▶ **Required work**
Where the line holding "Das Poster besteht" appears, start copying, and continue exactly through the last line of the listing, skipping pictures.

▶ **Exercise input**
Start of Block

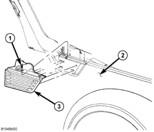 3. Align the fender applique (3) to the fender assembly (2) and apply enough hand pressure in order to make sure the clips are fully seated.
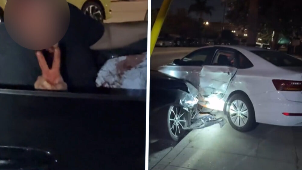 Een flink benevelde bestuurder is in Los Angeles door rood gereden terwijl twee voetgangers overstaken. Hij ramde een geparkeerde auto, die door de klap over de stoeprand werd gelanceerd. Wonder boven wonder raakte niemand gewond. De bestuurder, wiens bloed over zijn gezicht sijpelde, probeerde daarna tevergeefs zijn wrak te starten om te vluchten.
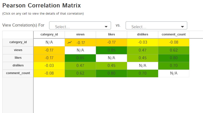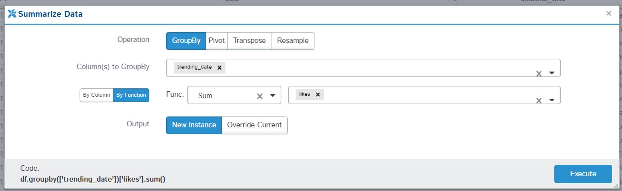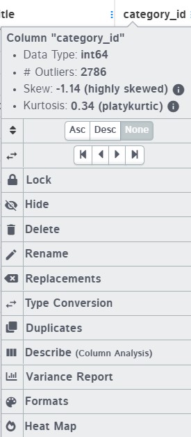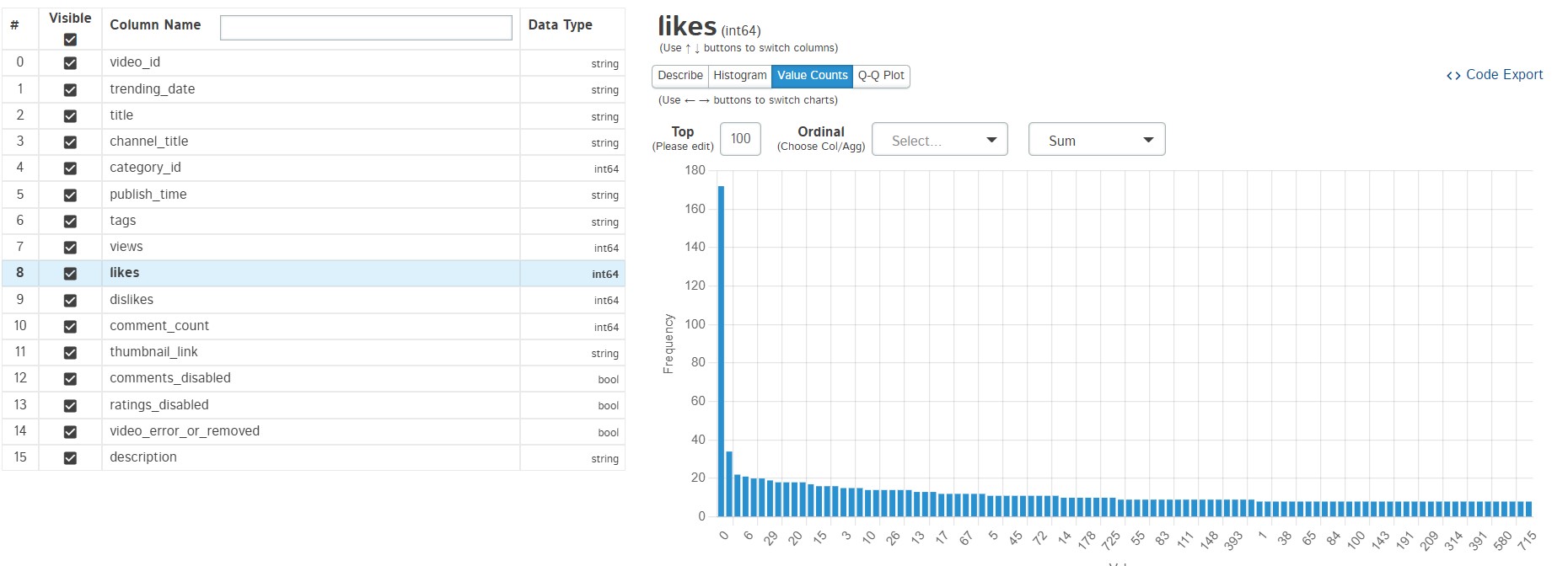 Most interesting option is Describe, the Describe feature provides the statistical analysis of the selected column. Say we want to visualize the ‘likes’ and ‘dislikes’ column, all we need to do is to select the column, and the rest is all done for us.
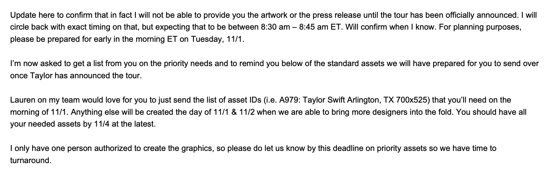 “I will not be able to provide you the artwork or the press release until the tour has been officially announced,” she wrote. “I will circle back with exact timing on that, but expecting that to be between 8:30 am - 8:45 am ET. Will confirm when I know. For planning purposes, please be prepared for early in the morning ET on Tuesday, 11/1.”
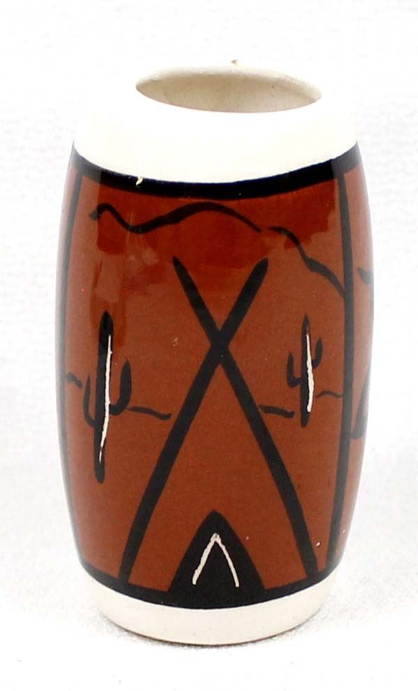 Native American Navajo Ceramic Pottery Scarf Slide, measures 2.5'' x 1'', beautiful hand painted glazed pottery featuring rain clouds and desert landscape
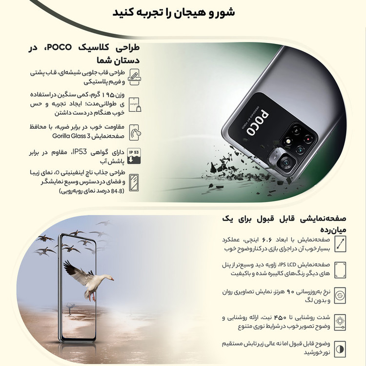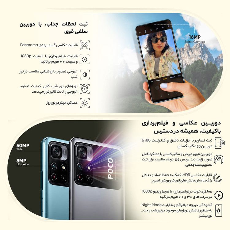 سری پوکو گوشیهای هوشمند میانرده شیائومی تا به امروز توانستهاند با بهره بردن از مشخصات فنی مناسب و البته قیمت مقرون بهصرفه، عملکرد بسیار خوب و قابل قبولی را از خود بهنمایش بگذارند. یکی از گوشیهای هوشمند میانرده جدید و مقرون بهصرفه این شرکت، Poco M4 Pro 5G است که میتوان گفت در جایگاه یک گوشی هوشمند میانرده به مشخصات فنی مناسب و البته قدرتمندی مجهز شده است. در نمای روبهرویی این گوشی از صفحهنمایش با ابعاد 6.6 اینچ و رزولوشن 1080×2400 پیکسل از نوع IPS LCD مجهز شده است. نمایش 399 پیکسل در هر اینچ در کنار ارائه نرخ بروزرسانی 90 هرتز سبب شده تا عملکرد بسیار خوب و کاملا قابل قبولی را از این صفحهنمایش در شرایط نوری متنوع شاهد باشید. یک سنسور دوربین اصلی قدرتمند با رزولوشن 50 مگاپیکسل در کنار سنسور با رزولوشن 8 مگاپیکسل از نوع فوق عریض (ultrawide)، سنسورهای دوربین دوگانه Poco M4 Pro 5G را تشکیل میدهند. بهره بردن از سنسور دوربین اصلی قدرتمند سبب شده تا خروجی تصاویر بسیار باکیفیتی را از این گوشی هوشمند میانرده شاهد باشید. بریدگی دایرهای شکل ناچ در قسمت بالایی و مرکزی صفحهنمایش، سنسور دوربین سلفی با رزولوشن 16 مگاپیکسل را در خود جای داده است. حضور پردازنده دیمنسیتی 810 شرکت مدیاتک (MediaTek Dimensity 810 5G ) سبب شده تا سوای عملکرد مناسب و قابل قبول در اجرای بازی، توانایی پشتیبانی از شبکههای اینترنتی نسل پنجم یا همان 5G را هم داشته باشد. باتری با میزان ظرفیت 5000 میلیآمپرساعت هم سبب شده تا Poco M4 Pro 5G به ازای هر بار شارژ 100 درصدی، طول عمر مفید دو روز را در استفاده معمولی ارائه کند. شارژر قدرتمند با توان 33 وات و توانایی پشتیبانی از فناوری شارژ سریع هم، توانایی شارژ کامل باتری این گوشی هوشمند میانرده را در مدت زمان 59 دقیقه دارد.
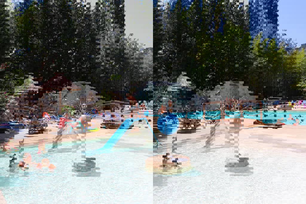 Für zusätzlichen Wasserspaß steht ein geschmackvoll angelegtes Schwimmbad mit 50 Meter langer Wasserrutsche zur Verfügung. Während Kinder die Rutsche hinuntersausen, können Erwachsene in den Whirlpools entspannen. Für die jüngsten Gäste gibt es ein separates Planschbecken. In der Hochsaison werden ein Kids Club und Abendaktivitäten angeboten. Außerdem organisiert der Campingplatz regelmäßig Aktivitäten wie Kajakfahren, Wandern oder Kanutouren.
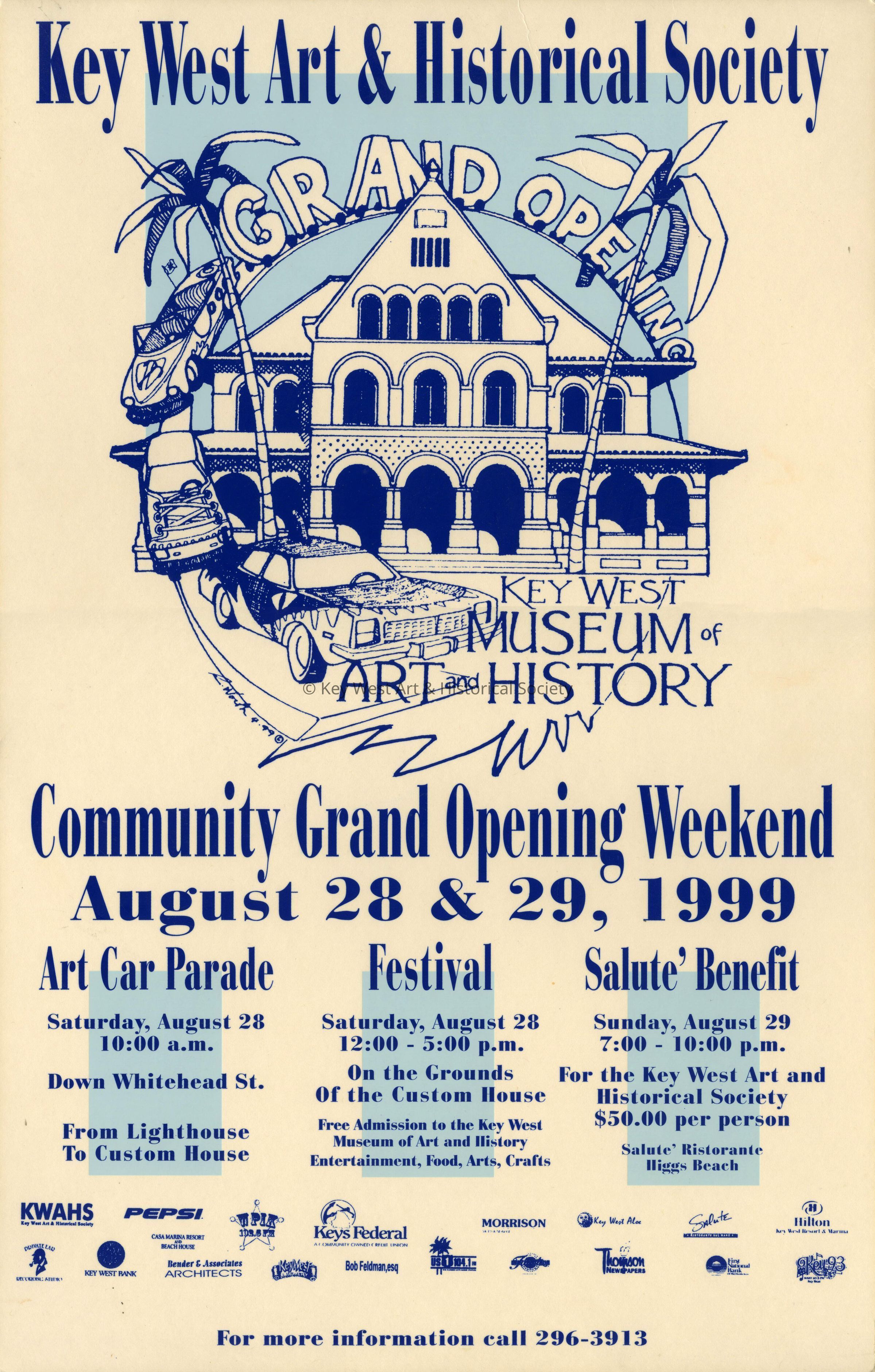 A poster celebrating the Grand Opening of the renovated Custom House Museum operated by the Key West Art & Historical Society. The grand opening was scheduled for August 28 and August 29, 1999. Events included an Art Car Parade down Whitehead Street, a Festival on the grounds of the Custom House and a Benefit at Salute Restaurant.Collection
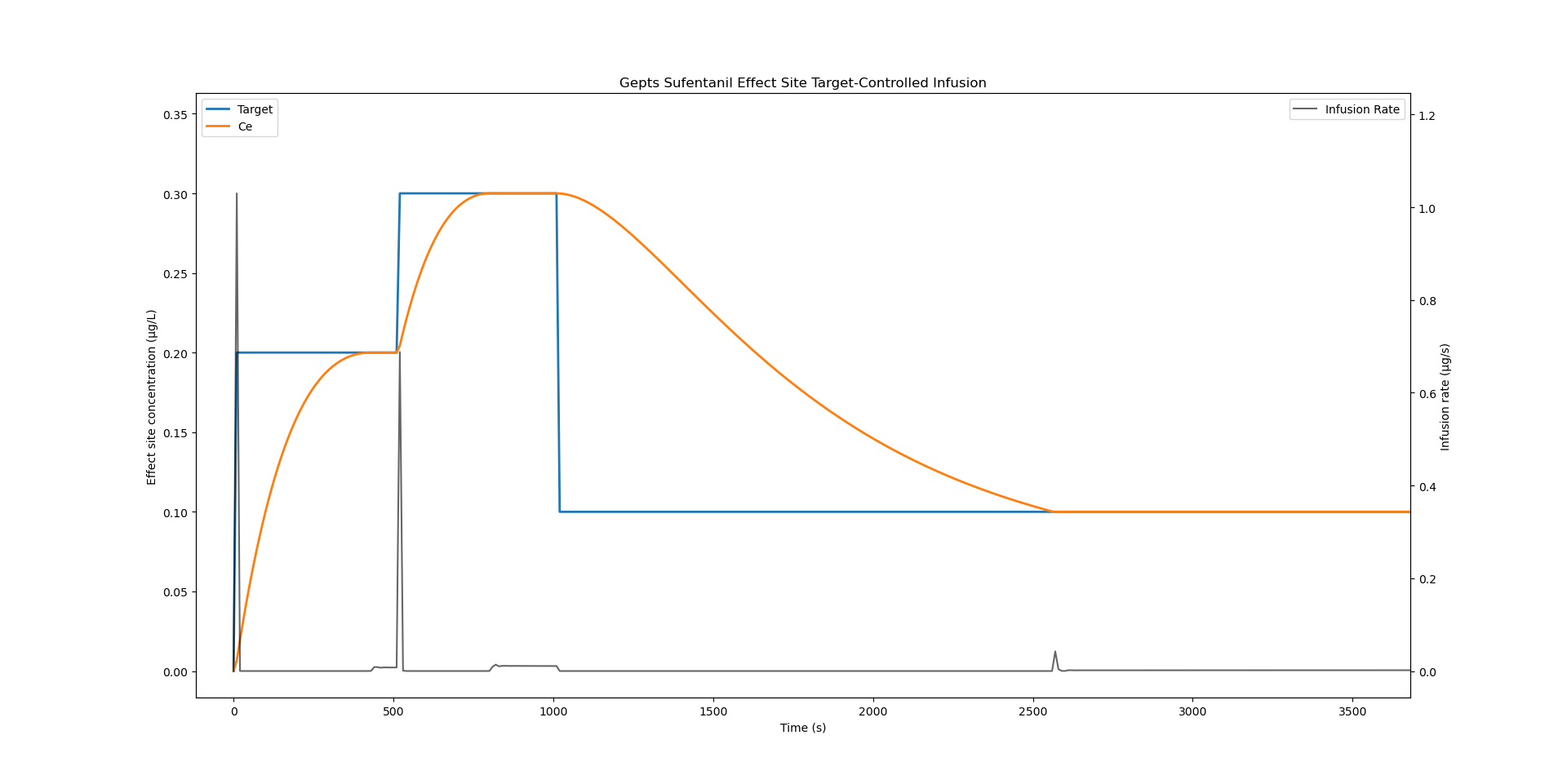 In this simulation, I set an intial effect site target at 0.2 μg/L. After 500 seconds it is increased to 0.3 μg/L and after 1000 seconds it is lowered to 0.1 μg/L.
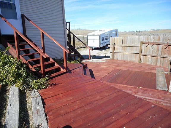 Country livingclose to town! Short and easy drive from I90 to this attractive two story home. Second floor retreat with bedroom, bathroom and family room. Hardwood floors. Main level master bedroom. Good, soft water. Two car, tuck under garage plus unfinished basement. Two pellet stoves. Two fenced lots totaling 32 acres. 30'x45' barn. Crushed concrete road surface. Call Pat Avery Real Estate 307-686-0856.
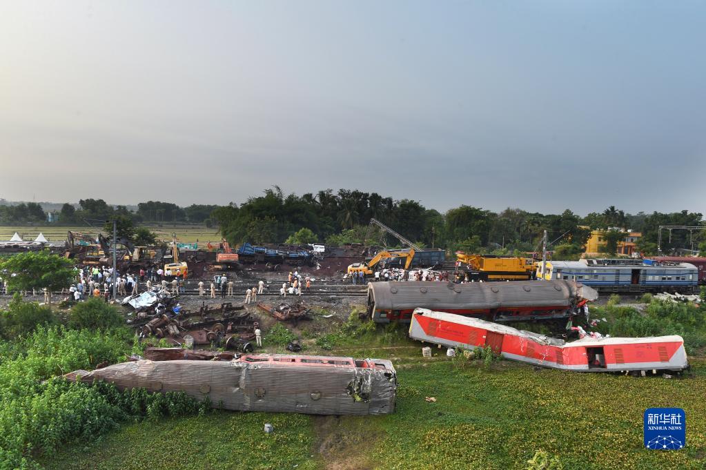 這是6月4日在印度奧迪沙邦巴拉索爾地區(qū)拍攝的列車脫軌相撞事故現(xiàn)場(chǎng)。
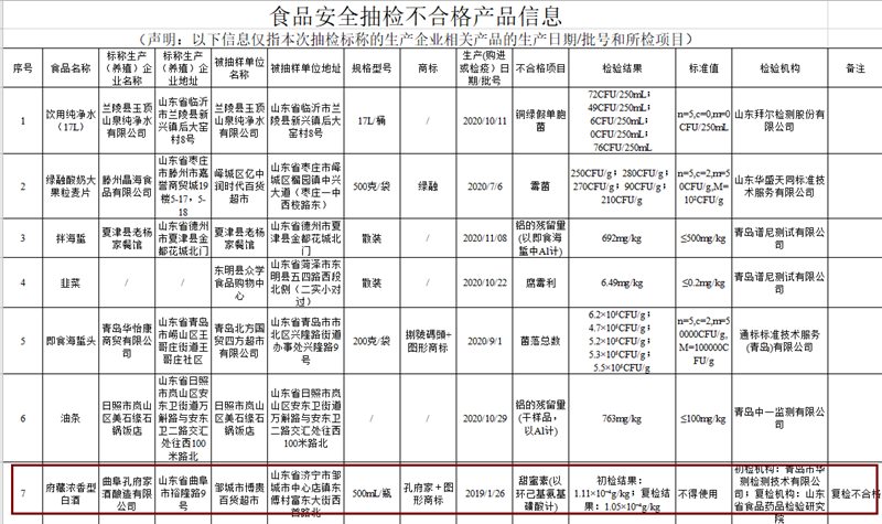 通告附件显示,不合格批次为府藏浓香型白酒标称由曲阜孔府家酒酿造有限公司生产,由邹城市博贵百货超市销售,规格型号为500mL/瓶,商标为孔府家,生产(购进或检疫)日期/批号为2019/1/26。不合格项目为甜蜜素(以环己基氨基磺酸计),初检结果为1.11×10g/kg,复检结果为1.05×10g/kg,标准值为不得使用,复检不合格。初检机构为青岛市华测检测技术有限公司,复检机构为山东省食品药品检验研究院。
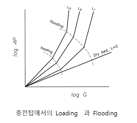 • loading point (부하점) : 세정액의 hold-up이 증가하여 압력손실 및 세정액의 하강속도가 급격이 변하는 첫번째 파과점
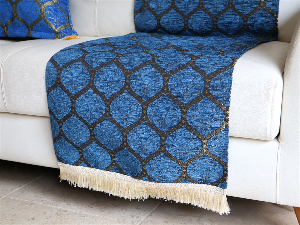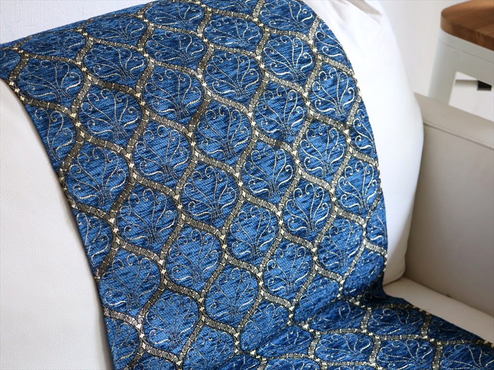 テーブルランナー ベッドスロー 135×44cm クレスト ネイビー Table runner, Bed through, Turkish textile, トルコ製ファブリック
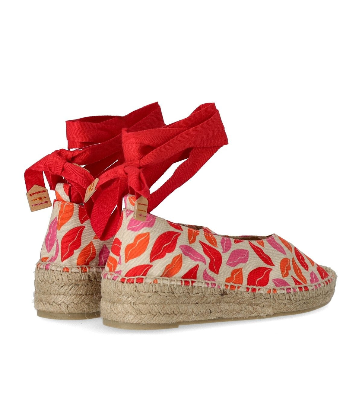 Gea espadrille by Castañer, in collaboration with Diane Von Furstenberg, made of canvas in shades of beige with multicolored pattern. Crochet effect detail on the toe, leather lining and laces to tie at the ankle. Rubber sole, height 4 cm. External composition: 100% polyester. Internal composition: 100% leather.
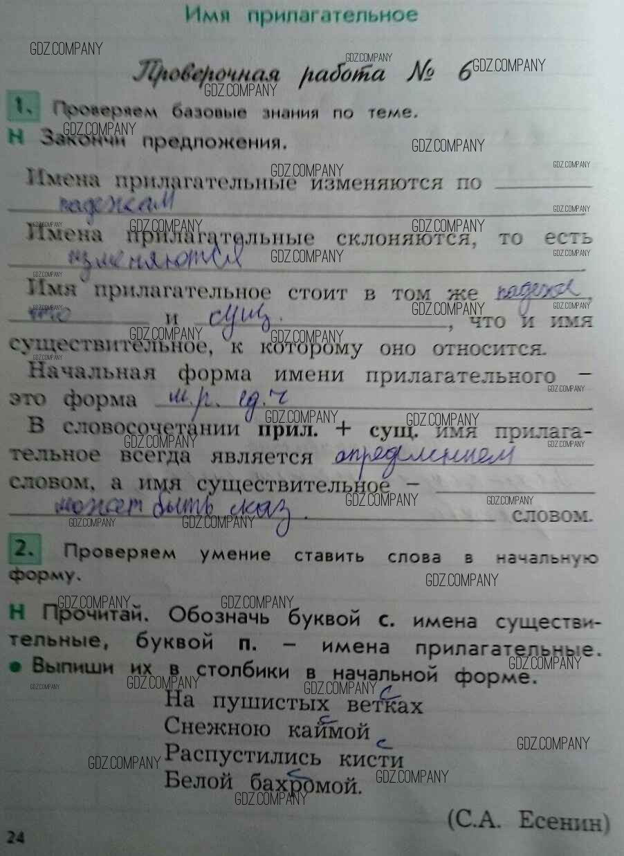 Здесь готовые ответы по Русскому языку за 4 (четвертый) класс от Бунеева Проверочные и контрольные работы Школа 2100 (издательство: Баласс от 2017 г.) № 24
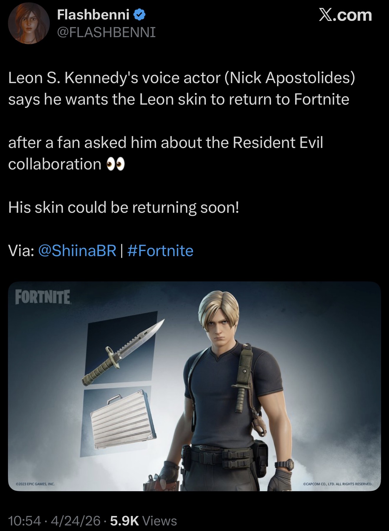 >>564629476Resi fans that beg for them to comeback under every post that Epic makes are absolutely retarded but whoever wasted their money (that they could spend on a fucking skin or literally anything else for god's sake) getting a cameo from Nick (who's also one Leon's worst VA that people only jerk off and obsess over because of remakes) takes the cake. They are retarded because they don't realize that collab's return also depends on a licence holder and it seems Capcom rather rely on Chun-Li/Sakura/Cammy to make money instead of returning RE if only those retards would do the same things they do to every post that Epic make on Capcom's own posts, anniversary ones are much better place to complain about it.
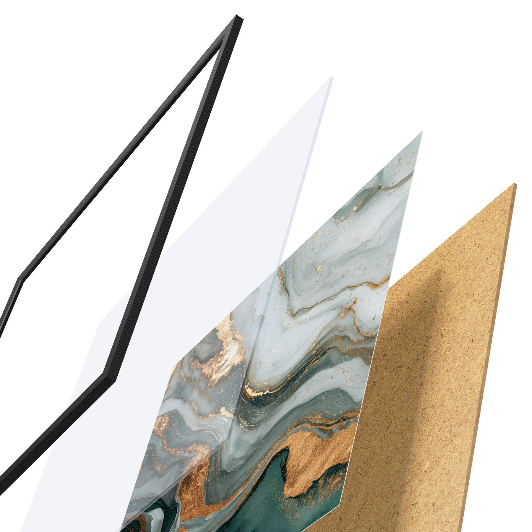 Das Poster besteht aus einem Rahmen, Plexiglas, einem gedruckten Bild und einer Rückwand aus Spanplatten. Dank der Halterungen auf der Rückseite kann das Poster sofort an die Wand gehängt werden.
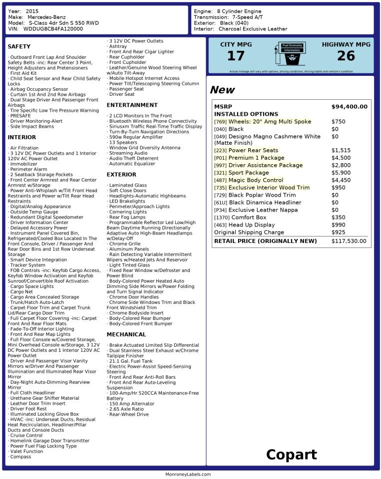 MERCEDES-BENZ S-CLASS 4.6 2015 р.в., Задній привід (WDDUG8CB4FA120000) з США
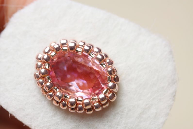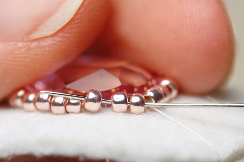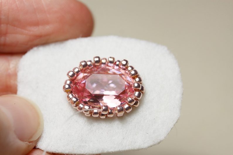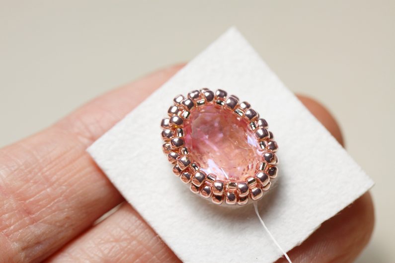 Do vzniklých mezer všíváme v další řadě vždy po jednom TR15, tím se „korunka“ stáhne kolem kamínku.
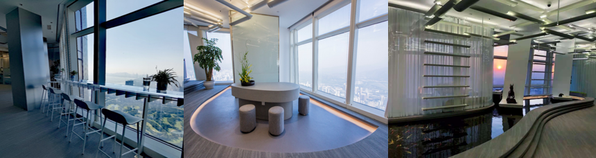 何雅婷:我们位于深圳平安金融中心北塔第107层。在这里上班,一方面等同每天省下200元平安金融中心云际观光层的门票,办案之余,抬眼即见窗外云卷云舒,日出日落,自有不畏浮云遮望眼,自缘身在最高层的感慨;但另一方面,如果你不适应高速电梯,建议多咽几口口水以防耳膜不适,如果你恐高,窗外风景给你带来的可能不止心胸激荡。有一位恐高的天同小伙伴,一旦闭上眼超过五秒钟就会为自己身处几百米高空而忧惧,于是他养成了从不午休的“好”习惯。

End of Block

▶ **Your solution**
 Das Poster besteht aus einem Rahmen, Plexiglas, einem gedruckten Bild und einer Rückwand aus Spanplatten. Dank der Halterungen auf der Rückseite kann das Poster sofort an die Wand gehängt werden.
 MERCEDES-BENZ S-CLASS 4.6 2015 р.в., Задній привід (WDDUG8CB4FA120000) з США
 Do vzniklých mezer všíváme v další řadě vždy po jednom TR15, tím se „korunka“ stáhne kolem kamínku.
 何雅婷:我们位于深圳平安金融中心北塔第107层。在这里上班,一方面等同每天省下200元平安金融中心云际观光层的门票,办案之余,抬眼即见窗外云卷云舒,日出日落,自有不畏浮云遮望眼,自缘身在最高层的感慨;但另一方面,如果你不适应高速电梯,建议多咽几口口水以防耳膜不适,如果你恐高,窗外风景给你带来的可能不止心胸激荡。有一位恐高的天同小伙伴,一旦闭上眼超过五秒钟就会为自己身处几百米高空而忧惧,于是他养成了从不午休的“好”习惯。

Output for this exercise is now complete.